Liquid Alternatives: Alternative Enough?
Liquid Alternatives: Alternative Enough?
By Nicolas Rabener Posted In: Alternative Investments, Drivers of Value, Economics, Performance Measurement & Evaluation, Portfolio ManagementDisrupting the Hedge Fund Industry
Liquid alternatives have been heralded as hedge funds for Main Street as these investment vehicles offer typical hedge fund strategies in mutual fund format with daily liquidity. While they have higher management fees than plain vanilla mutual funds, liquid alternatives charge less than hedge funds and don’t charge performance fees.
Given their lower fees and greater transparency, liquid alternatives were expected to disrupt the hedge fund industry in much the same way that exchange-traded funds (ETFs) disrupted the mutual fund space.
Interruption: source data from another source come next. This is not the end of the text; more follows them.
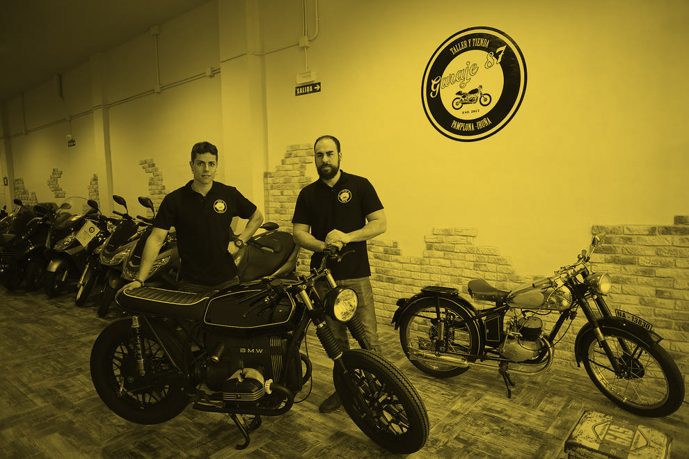 Garaje 87 es un taller y tienda de motos multimarca ubicado en el centro de Pamplona, especializado en motocicletas japonesas. Nace en noviembre de 2017 de la mano de dos amigos: Iñigo, mecánico de motos con más de 11 años de experiencia en talleres oficiales de Honda y Yamaha, y Eugenio, ingeniero mecánico y gran apasionado del mundo de las dos ruedas.
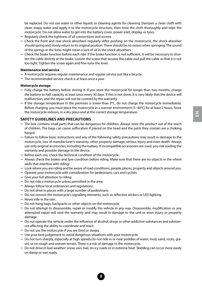 motorcycle. Do not allow water to get into the battery cover, power inlet, display, or tyres.
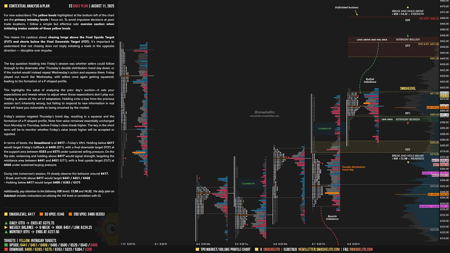 Be sure to review the ES Weekly Plan | August 11-15, 2025 for a broader perspective, key levels, and market expectations for the week ahead.
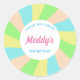 Pegatina de personalizados de niños pastel retro. Este divertido y moderno Pegatina de fiestas de cumpleaños para niños presenta un diseño retro en tonos pastel con un nombre personalizado. Permita que este suministro de fiestas ayude a definir el tema para el próximo cumpleaños de su hijo.
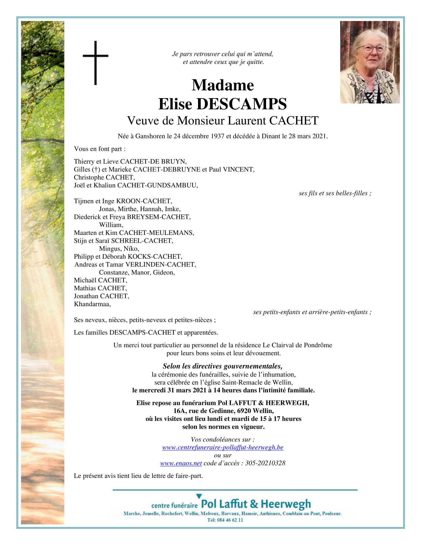 Décédée à Dinant (5500) le dimanche 28 mars 2021 à l'âge de 83 ans
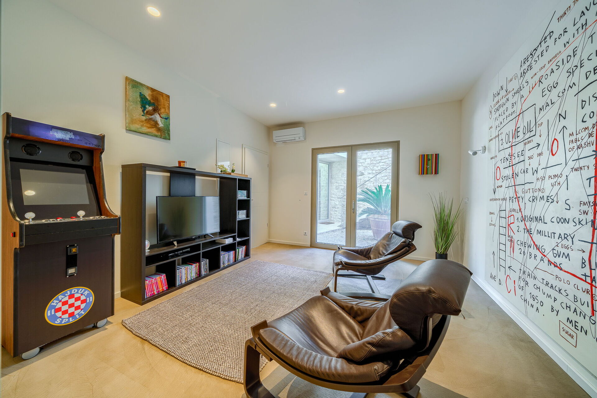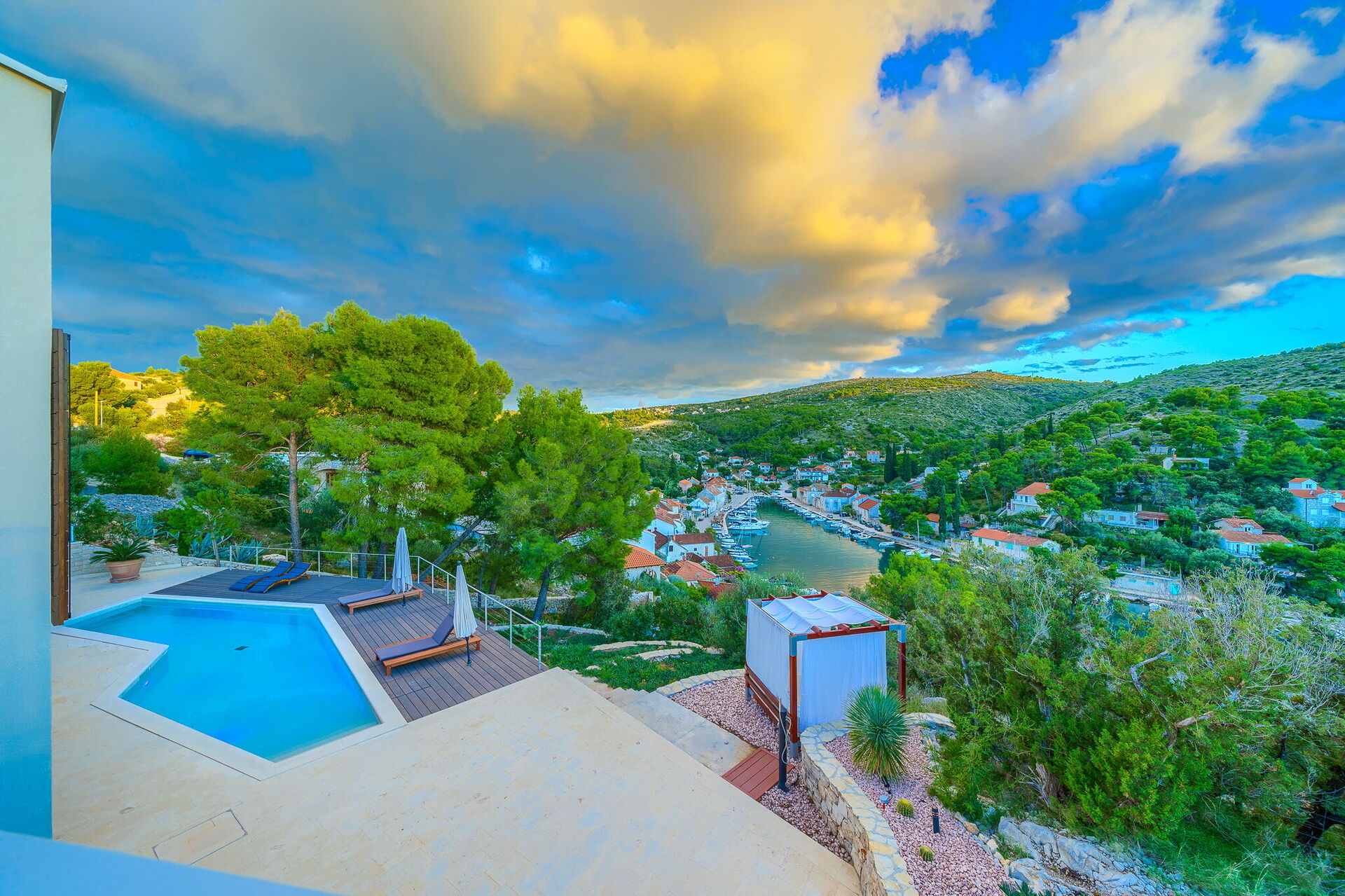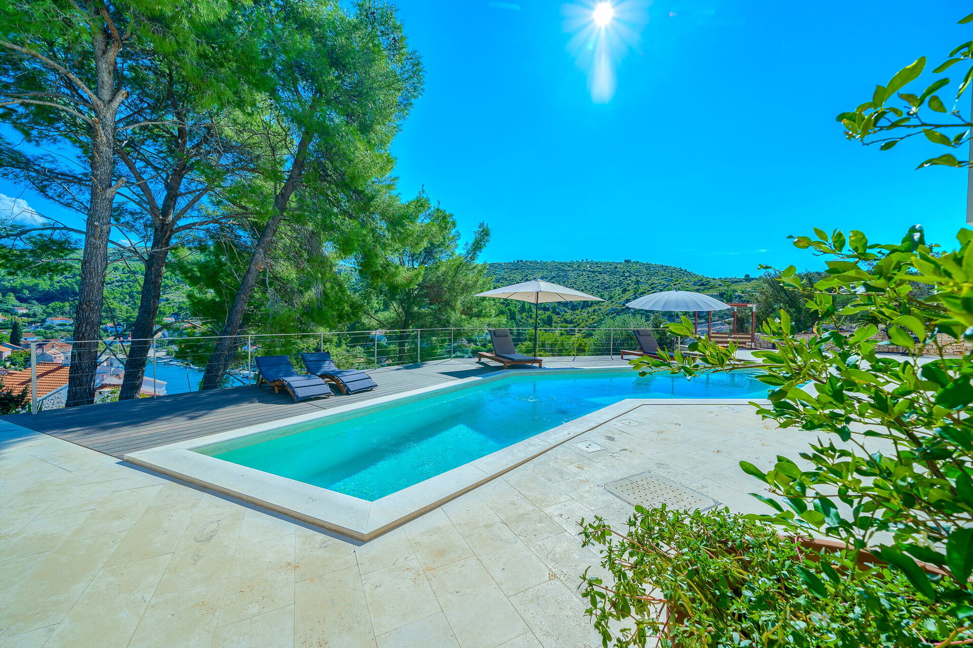 Una terrazza solarium attrezzata con lettini prendisole circonda la bellissima e panoramica piscina (riscaldabile su richiesta): è il luogo ideale in cui rilassarsi e rinfrescarsi nelle giornate più calde. Un'area barbecue attrezzata con tavolo e sedie permetterà agli ospiti di organizzare pranzi, cene e aperitivi all'ora del tramonto: la vostra vacanza in Croazia sarà perfetta in compagnia di amici e familiari.
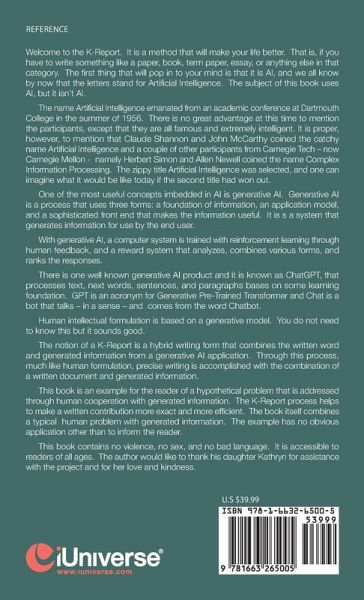 Welcome to the K-Report. It is a method that will make your life better. That is, if you have to write something like a paper, book, term paper, essay, or anything else in that category. The first thing that will pop in to your mind is that it is AI, and we all know by now that the letters stand for Artificial Intelligence. The subject of this book uses AI, but it isn't AI. The name Artificial Intelligence emanated from an academic conference at Dartmouth College in the summer of 1956. There is no great advantage at this time to mention the participants, except that they are all famous and extremely intelligent. It is proper, however, to mention that Claude Shannon and John McCarthy coined the catchy name Artificial Intelligence and a couple of other participants from Carnegie Tech - now Carnegie Mellon - namely Herbert Simon and Allen Newell coined the name Complex Information Processing. The zippy title Artificial Intelligence was selected, and one can imagine what it would be like today if the second title had won out. One of the most useful concepts imbedded in AI is generative AI. Generative AI is a process that uses three forms: a foundation of information, an application model, and a sophisticated front end that makes the information useful. It is s a system that generates information for use by the end user. With generative AI, a computer system is trained with reinforcement learning through human feedback, and a reward system that analyzes, combines various forms, and ranks the responses. There is one well known generative AI product and it is known as ChatGPT, that processes text, next words, sentences, and paragraphs bases on some learning foundation. GPT is an acronym for Generative Pre-Trained Transformer and Chat is a bot that talks - in a sense - and comes from the word Chatbot. Human intellectual formulation is based on a generative model. You do not need to know this but it sounds good. The notion of a K-Report is a hybrid writing form that combines the written word and generated information from a generative AI application. Through this process, much like human formulation, precise writing is accomplished with the combination of a written document and generated information. This book is an example for the reader of a hypothetical problem that is addressed through human cooperation with generated information. The K-Report process helps to make a written contribution more exact and more efficient. The book itself combines a typical human problem with generated information. The example has no obvious application other than to inform the reader. This book contains no violence, no sex, and no bad language. It is accessible to readers of all ages. The author would like to thank his daughter Kathryn for assistance with the project and for her love and kindness.
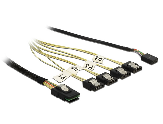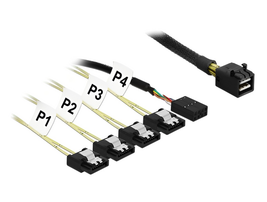 כבל Mini SAS HD SFF-8643 ל-Sideband + SATA 7 pin x 4
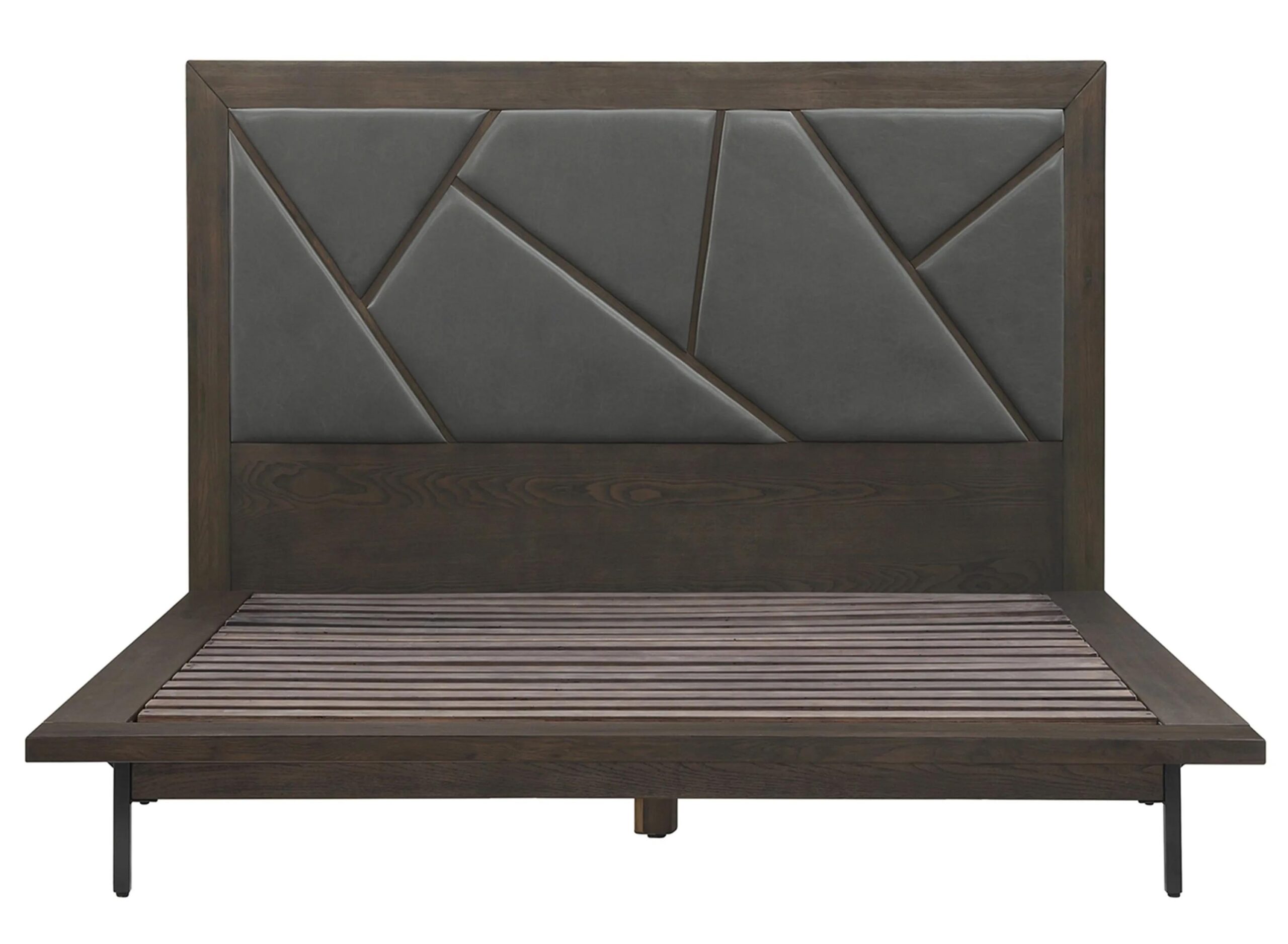 Make an elegant style statement with the Marquis Platform Bed. Its elegant, smoke oak wood frame is upgraded with faux leather accents. Creating striking and asymmetric patterns, our bed makes a powerful design statement.
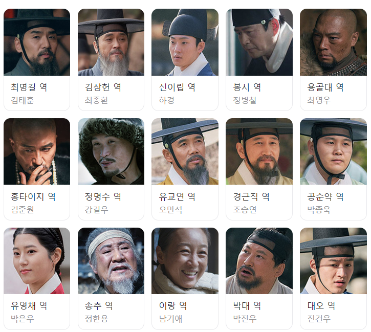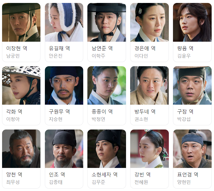 이장현 (남궁민), 유길채 (안은진), 남연준 (이학주), 경은애 (이다인), 량음 (김윤우), 구원무 (지승현), 종종이 (박정연), 방두네 (권소현), 구잠 (박강섭), 양천 (최무성), 인조 (김종태), 소현세자 (김무준), 강빈 (전혜원), 표언겸 (양현민), 최명길 (김태훈), 김상헌 (최종환), 신이립 (하경), 봉시 (정병철), 용골대 (최영우), 홍타이지 (김준원), 정명수 (강길우), 유교연 (오만석), 경근직 (조승연), 송순약 (박종욱), 유영채 (박은우), 송추 (정한용), 이랑 (남기애), 박대 (박진우), 대오 (진건우), 유화 (김가희), 준절 (김은수), 임춘 (하규림), 태성 (남태훈), 정연 (최수견) 등

However, ETFs have enjoyed continuous growth in assets under management (AUM), while liquid alternatives have stalled at around $350 billion in AUM since 2013, according to data from Wilshire.
Hedge funds have experienced a similar stall, hovering at around $3 trillion in AUM over the last five years. Given strong equity markets, investors likely were less inclined to hedge their portfolios. Moreover, hedge funds also failed to generate meaningful alpha.
So how do liquid alternatives perform from a risk-and-return perspective in the context of an equity portfolio, particularly the three largest groups in the liquid alternative mutual fund space — absolute return, long-short, and market-neutral strategies?
Liquid Alternatives Performance
Long-short and long-only strategies are not comparable, so hedge funds and liquid alternatives shouldn’t be benchmarked to the S&P 500. But the S&P 500 can illustrate the different phases of the market cycle.
The chart below highlights the similarity between the S&P 500 and an equal-weighted index of long-short liquid alternative mutual funds. This is to be expected since long-short funds essentially offer equity exposure with lower volatility. In contrast, market-neutral funds are typically fully hedged and absolute return funds allocate across asset classes, which results in much lower return profiles.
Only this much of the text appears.